GIVEN INFORMATION >>
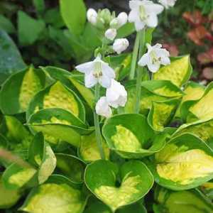 Эффектный и нарядный сорт: листья ярко-зеленые с золотистым центром, а на высоких стеблях распускаются белоснежные цветки.
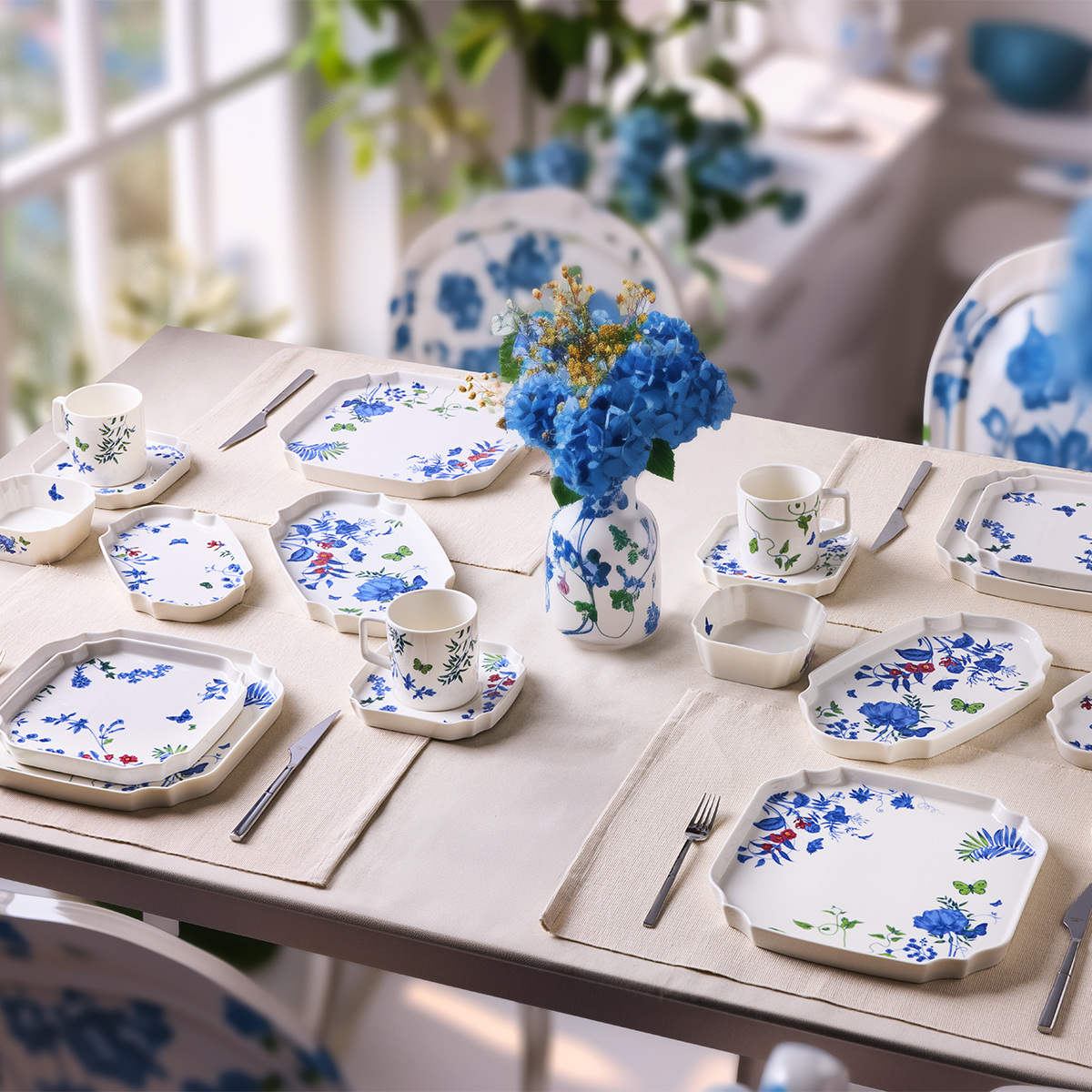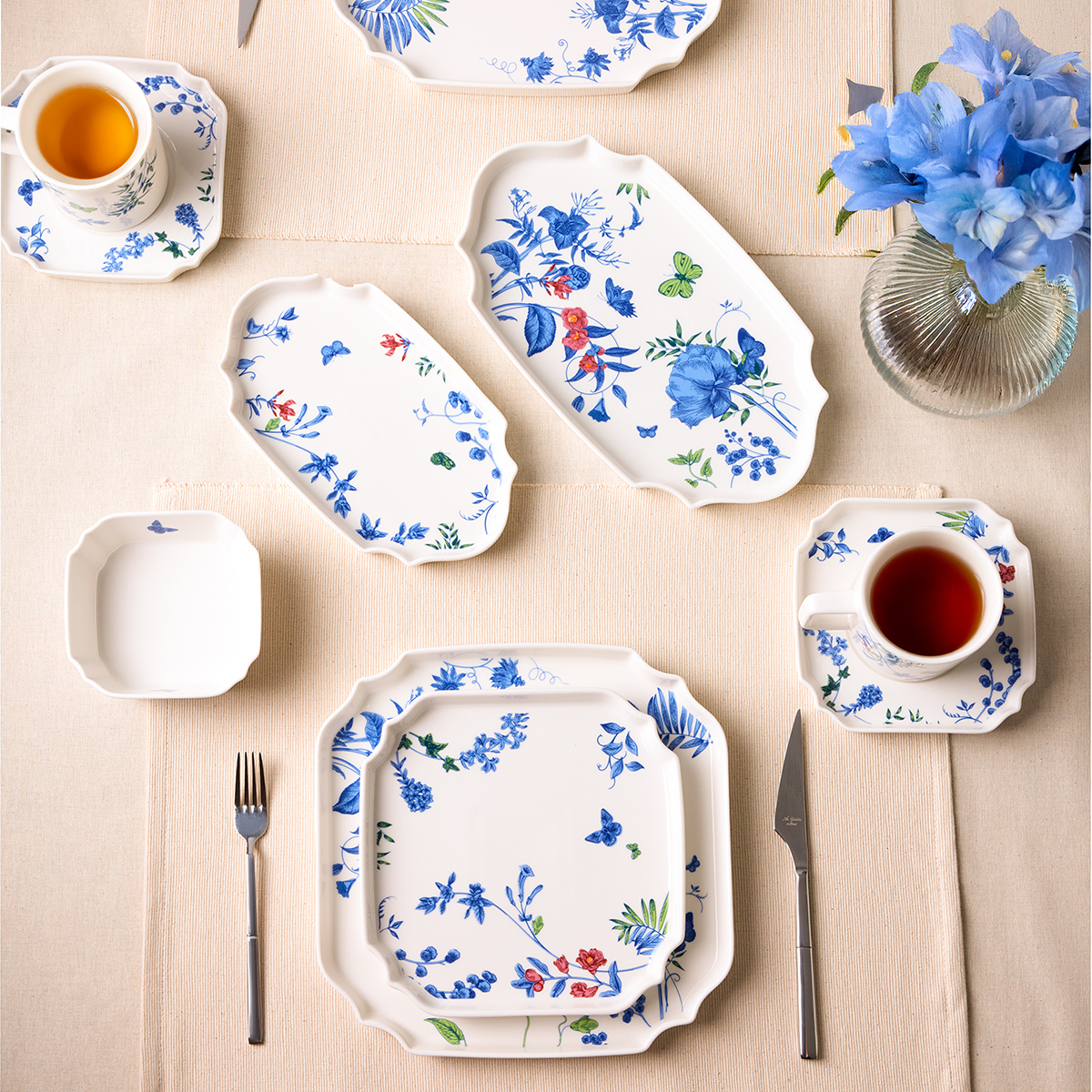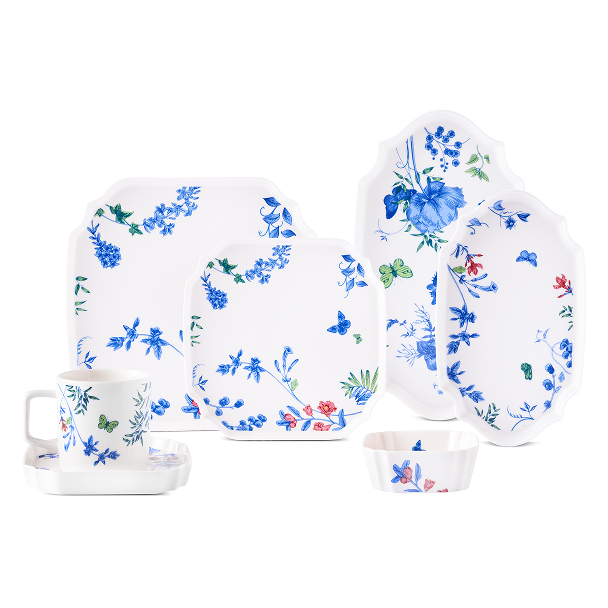 32 Parça Tam Set: 6 kişilik servis düzenine uygun; servis tabakları, çay tabakları, zeytinlik, reçellik ve sunum parçalarıyla eksiksiz bir kahvaltı keyfi sunar.
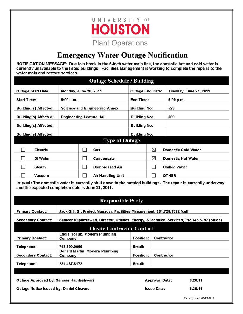 [CCoE Notice] EMERGENCY WATER OUTAGE NOTIFICATION- SCIENCE AND ENGINEERING ANNEX (#523) & ENGINEERING LECTURE HALL (#580)- 6.20.11 THRU 6.21.11
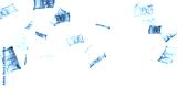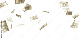 500 Indian rupee notes flying in different angles and orientations isolated on black background
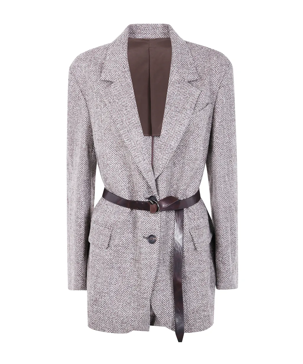 Brunello Cucinelli Herringbone Belted Jacket | Wardatrobe
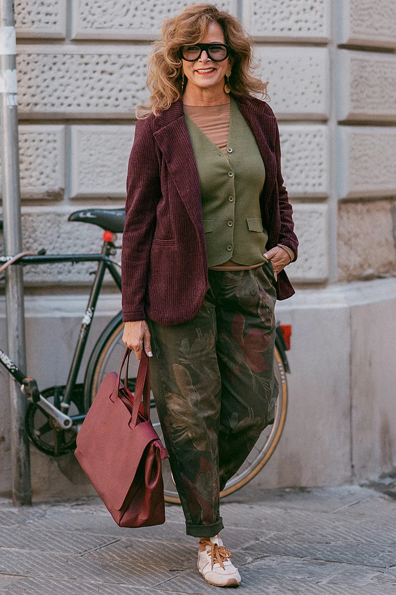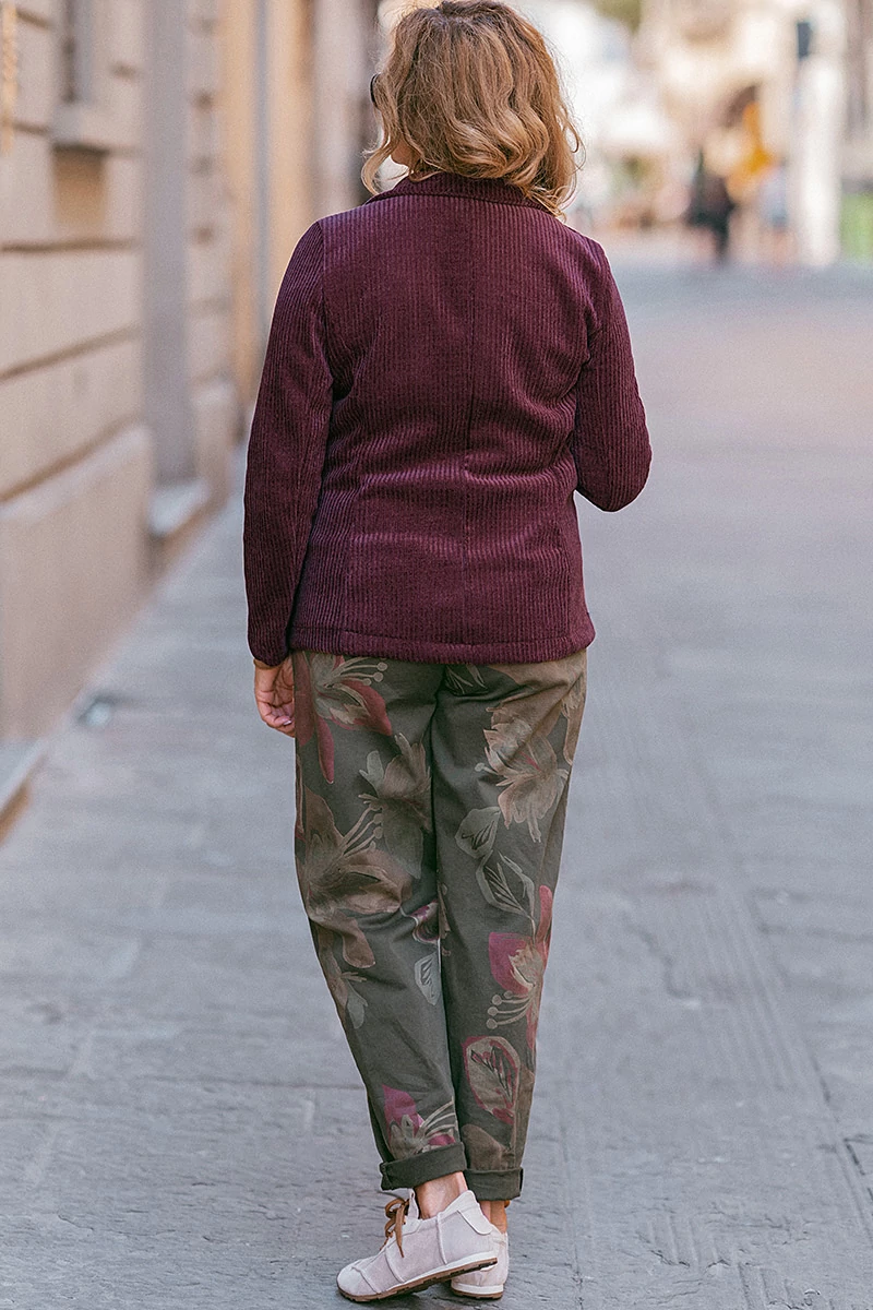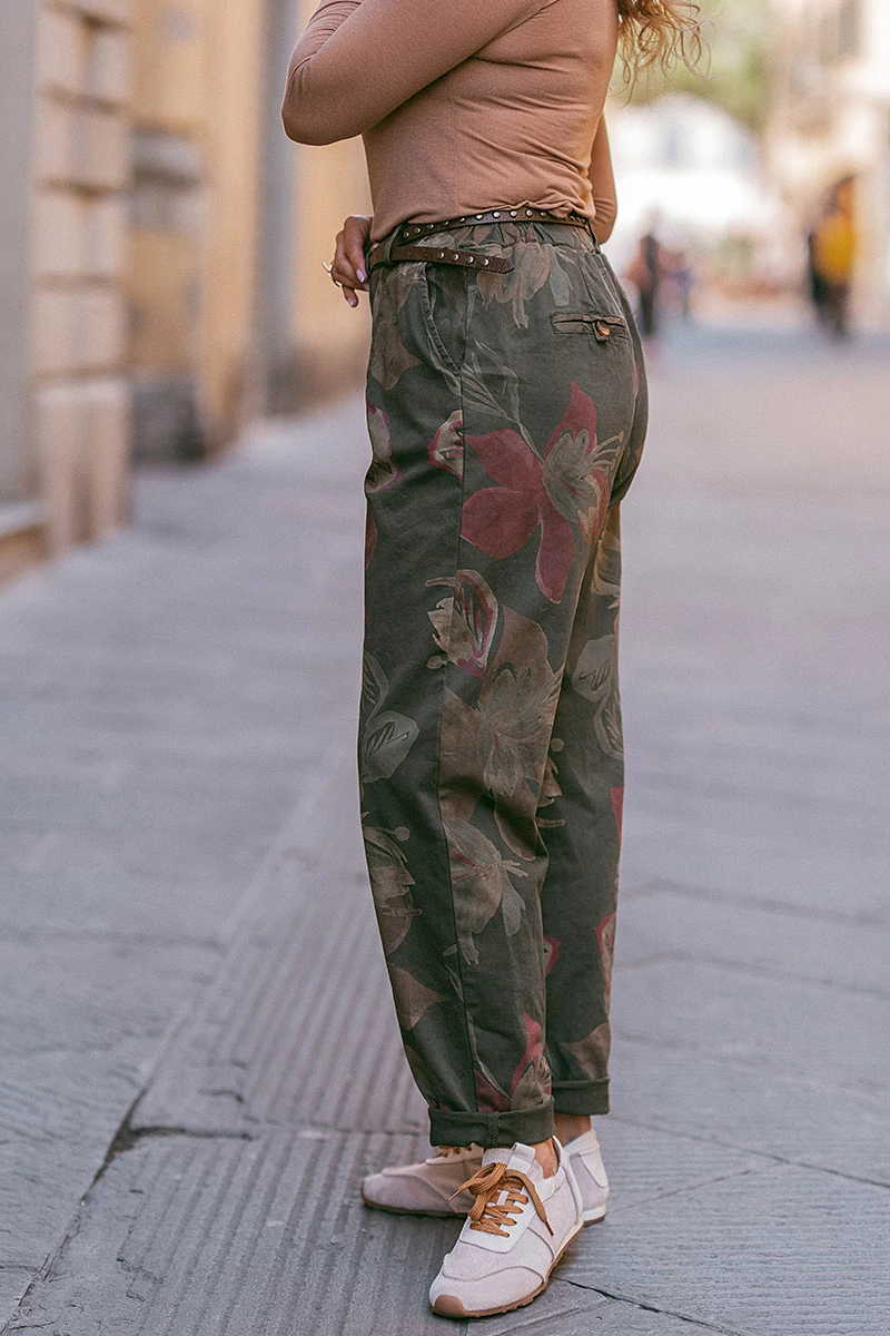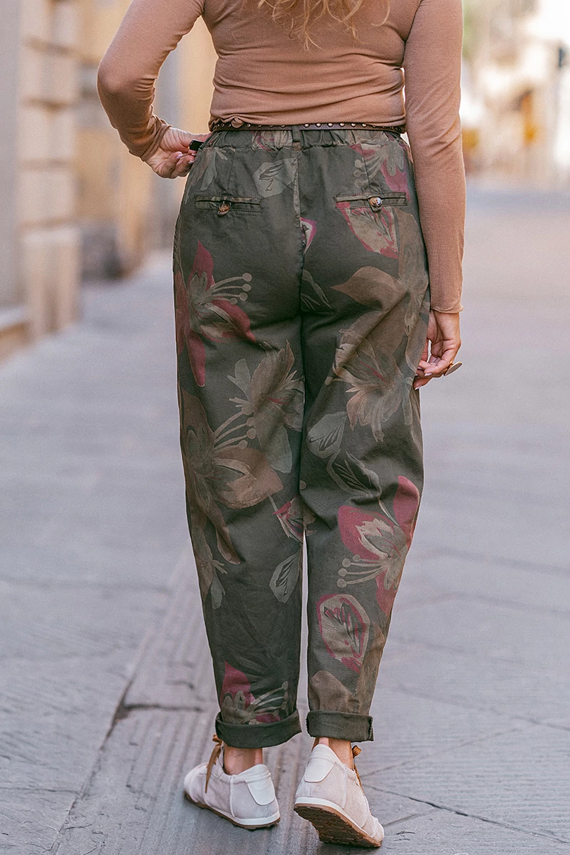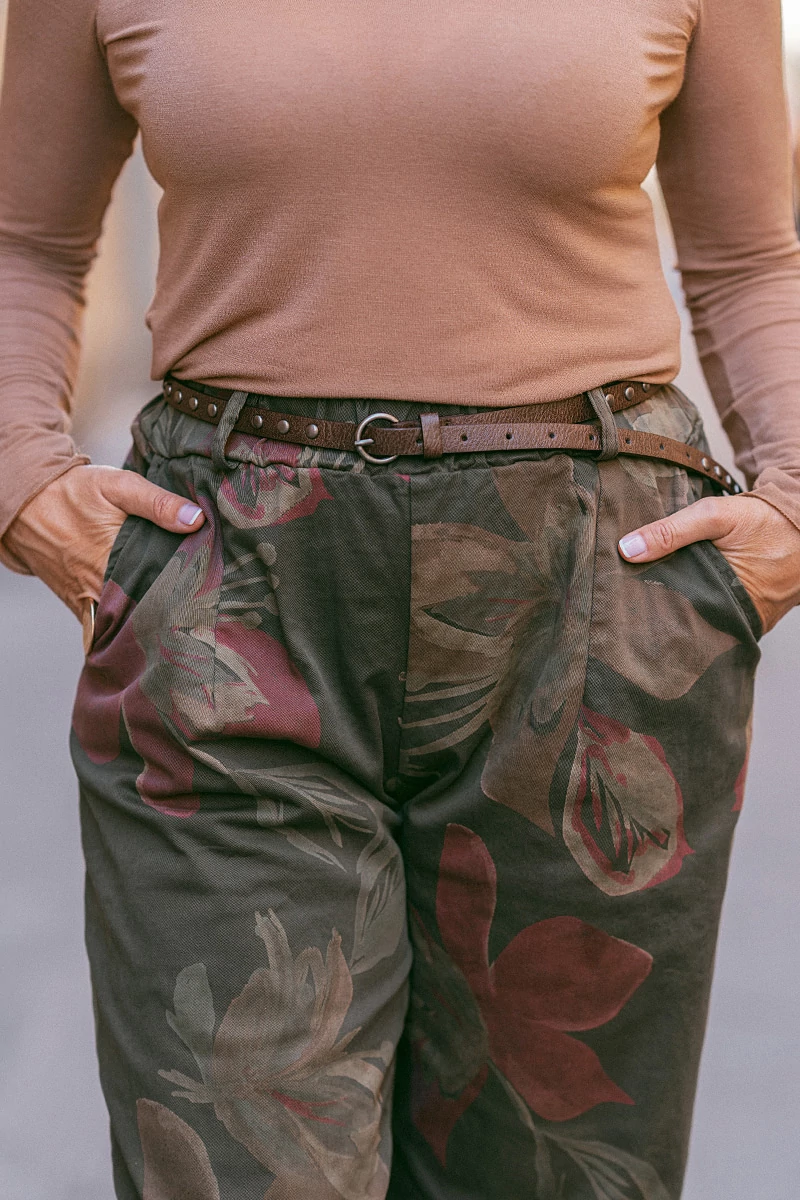 Lefele szűkülő szárú, svédzsebes nadrág, széles, gumis derékkal, övbújtatókkal, hátul gombos díszzsebekkel, A nadrághoz ajándék egy vékony, szegecselt öv. A nadrág anyaga rugalmas, puha pamutvászon.

WHAT YOU NEED TO DO >> Extract, verbatim and alone, the lines from the line that contains "500 Indian rupee" to the last line of the records, inclusive; drop any picture.

ANSWER FOR THIS EXERCISE >>
 500 Indian rupee notes flying in different angles and orientations isolated on black background
 Brunello Cucinelli Herringbone Belted Jacket | Wardatrobe
 Lefele szűkülő szárú, svédzsebes nadrág, széles, gumis derékkal, övbújtatókkal, hátul gombos díszzsebekkel, A nadrághoz ajándék egy vékony, szegecselt öv. A nadrág anyaga rugalmas, puha pamutvászon.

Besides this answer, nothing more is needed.